The module descriptors for our undergraduate courses can be found below:

  • Four year Aeronautical Engineering degree (H401)
  • Four year Aeronautical Engineering with a Year Abroad stream (H410)

Students on our H420 programme follow the same programme as the H401 spending fourth year in industry.

The descriptors for all programmes are the same (including H411).

H401

Mechatronics

Module aims

From aircraft autopilots to satellite communications to re-usable space rockets, mechatronic systems are everywhere in aeronautical engineering. This course aims to give a fundamental grounding in the theory and practice of mechatronic systems relevant to aeronautics, including data acquisition systems, sensors, actuators and control systems. 

Learning outcomes

On successfully completing this module, you should be able to:

1. Design and build simple prototype circuits containing basic electronic components, including voltage and current sources, resistors, capacitors, inductors, and operational amplifiers.

2. Analyse and compute the time and frequency response of simple circuits through application of fundamental network theorems.

3. Analyse and characterise signals and linear systems using various transform methods.

4. Break down a complicated engineering design, such as an electric circuit, data acquisition system, or DC actuator, into a system of interconnected subsystems. 

5. Demonstrate an understanding of the fundamentals of data acquisition systems and sensors and their application to sampling and acquisition of real-world physical signals.

6. Specify, implement and evaluate basic data acquisition and control systems. 

7. Analyse simple DC actuators and motors and associated controllers. 

Module syllabus

•Electrical Circuits: Voltage and current sources, resistors, capacitors, inductors and potential dividers. Kirchhoff's laws. Series and parallel laws. Principle of superposition.

•Circuit Analysis: Thevenin and Norton equivalence theorems. Resistance matching. Nodal circuit analysis.

•Amplifier Circuits: Ideal operational amplifiers (op-amps), inverting and non-inverting op-amp circuits, summing amplifier, unity gain buffer, integrator circuit.

•Frequency Response: Frequency response diagrams (Bode plots).

•Response of Electrical Circuits.

•Transfer functions and their use in characterising LTI systems. Initial- and Final-Value theorems.  Pole-zero diagrams and their relation to Fourier transforms.

•Filters. Filter design. Real vs ideal filters, application to discrete data, windowing, moving average, other common filter windows.

•Data Acquisition: Fundamentals of a DAQ system, sampling, Nyquist limit, Anti-aliasing, Analog to Digital Conversion, Digital to Analog Conversion, Introduction to Labview

•Sensors: Potentiometers, optical encoders, strain measurement, pressure transducers, temperature sensors.

•Actuators: Solenoids, DC motors, DC motor control.

Teaching methods

The module will be delivered primarily through large-class lectures introducing the key concepts and methods, supported by a variety of delivery methods combining the traditional and the technological.
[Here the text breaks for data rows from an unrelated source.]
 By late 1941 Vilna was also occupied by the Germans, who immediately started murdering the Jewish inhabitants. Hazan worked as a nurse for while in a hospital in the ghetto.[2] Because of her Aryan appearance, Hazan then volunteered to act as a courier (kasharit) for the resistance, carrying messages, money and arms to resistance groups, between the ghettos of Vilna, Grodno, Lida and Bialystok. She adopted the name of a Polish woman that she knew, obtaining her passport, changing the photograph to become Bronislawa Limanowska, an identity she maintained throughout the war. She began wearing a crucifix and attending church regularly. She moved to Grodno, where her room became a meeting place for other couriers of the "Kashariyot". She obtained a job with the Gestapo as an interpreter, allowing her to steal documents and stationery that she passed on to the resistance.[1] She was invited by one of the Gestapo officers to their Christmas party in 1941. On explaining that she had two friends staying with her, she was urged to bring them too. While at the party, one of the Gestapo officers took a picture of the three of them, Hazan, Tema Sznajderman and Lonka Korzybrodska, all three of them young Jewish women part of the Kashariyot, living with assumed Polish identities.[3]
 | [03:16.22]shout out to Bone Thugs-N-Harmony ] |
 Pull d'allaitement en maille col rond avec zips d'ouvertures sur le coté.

The content is presented via a combination of slides, whiteboard and visualiser.
Learning will be reinforced through tutorial question sheets and online and laboratory exercises, featuring analytical and experimental tasks representative of those carried out by practising engineers. 

Assessments

This module presents opportunities for both formative and summative assessment.  

You will be formatively assessed through progress tests and tutorial sessions. 
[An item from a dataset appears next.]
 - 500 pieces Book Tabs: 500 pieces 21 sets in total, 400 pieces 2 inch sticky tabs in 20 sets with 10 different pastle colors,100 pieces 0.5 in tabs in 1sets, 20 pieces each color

You will have additional opportunities to self-assess your learning via tutorial problem sheets. 

You will be summatively assessed by a written closed-book examination at the end of the module as well as through practical laboratory assessments and online assignments.
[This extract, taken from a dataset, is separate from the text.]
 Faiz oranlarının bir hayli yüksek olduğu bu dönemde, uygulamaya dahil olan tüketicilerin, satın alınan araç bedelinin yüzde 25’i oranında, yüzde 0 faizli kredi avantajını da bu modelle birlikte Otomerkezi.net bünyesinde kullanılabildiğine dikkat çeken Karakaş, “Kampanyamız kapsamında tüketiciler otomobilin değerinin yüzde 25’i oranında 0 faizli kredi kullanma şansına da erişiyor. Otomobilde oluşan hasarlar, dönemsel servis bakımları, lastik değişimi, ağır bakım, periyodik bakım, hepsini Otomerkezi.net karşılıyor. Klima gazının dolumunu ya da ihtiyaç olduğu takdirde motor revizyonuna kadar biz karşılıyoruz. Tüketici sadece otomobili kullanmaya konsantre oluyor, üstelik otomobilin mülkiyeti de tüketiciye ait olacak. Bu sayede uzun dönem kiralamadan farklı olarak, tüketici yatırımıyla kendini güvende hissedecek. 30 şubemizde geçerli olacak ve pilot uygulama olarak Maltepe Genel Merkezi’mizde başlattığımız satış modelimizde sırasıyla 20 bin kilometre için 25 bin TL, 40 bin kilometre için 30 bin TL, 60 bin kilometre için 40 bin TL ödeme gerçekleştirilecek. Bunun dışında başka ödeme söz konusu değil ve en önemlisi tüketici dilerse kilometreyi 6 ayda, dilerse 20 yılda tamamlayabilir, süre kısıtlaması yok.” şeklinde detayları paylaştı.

Assessment type Assessment description Weighting Pass mark
Examination Written examination 65% 40%
Practical Labs 30%       40%
Coursework Peer Assessed Poster 5%       40%
 
You will receive feedback both during the laboratory sessions and following the online assignments.
You will receive feedback on examinations in the form of an examination feedback report on the performance of the entire cohort.
You will receive feedback on your performance whilst undertaking tutorial exercises, during which you will also receive instruction on the correct solution to tutorial problems.
Further individual feedback will be available to you on request via this module’s online feedback forum, through staff office hours and discussions with tutors.